Sunday, March 2, 2014


A stylish friend from North San Diego County alerted me recently to a new sport that seems to be taking the world by storm.  It is called pickleball.

After a bit of internet searching, I have concluded she is right.  (She always is.)

Briefly, pickleball is a racket sport played on a badminton court with a tennis-height net, a wiffle ball and short-throated firm paddles.  People of all ages enjoy it, some playing for hours each day.

In some spots, pickleball has been adopted first by seniors and then taken up by younger generations wanting to get in on the fun, a reversal of most trends.  Generally, players are ranked by skill level, not age.  As enthusiasm grows, there are reports of longer wait times for courts.
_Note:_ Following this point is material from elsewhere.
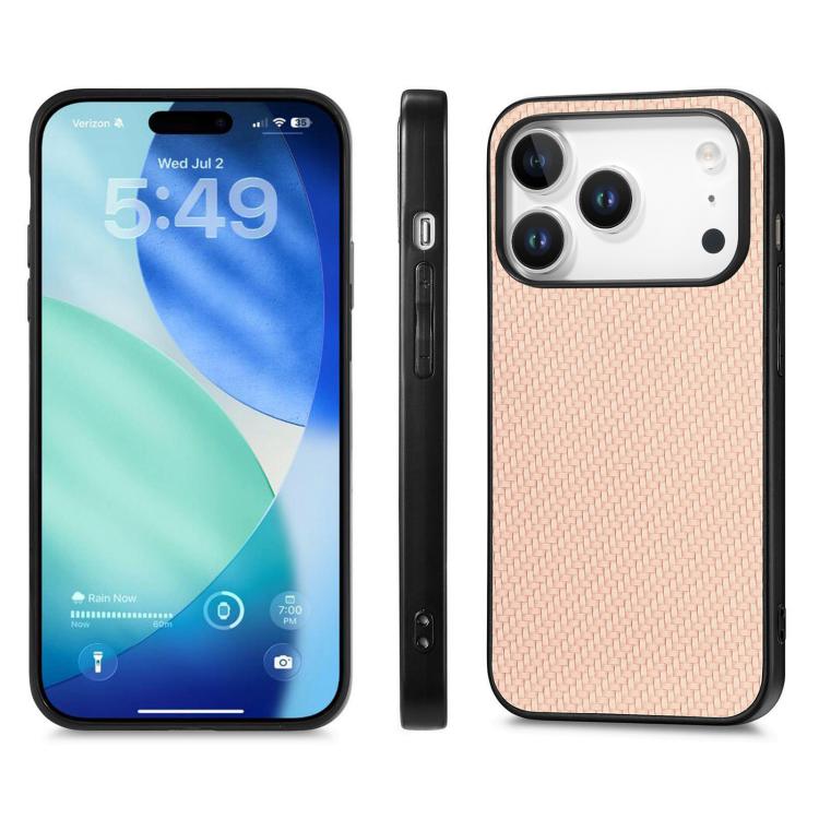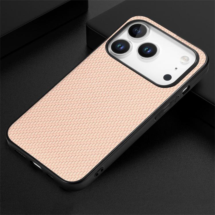 Funda trasera de cuero con textura de fibra de carbono para iPhone 17 Pro (caqui)

The sport was invented in 1965 on Bainbridge Island, near Seattle, according to the Winnipeg Free Press.  (Manitoba appears to be a pickleball hot spot.)  The Freep dismisses as lore the notion that the game was named for the inventor's dog, Pickles, who was said to interrupt games by chasing after and running off with the ball.  The true story, the paper reports, is that the name is "a reference to pickle boats, slang for the slowest boat in a race," which early adopters thought described their speed moving around the court.

Pickleball is not an Olympic sport yet, but its day may be coming.  Various groups are trying to organize official associations, among them the following:

     -- USA Pickleball Association (USAPA) in Arizona
     -- Pickleball International in Washington state
     -- World Pickleball Federation, also in Washington state
     -- Canadian Pickleball Federation and, of course, Federation Quebecoise de Pickleball
     -- Spanish Pickleball Asssociation
     -- All India Pickleball Association

One note:  In searching for a picture to accompany this article, I came across various local and state pickleball emblems and photographs of people playing pickleball, including a couple shots of games at a nudist resort in Florida.  I like to think I am an open-minded person, but, for me, that was just going too far.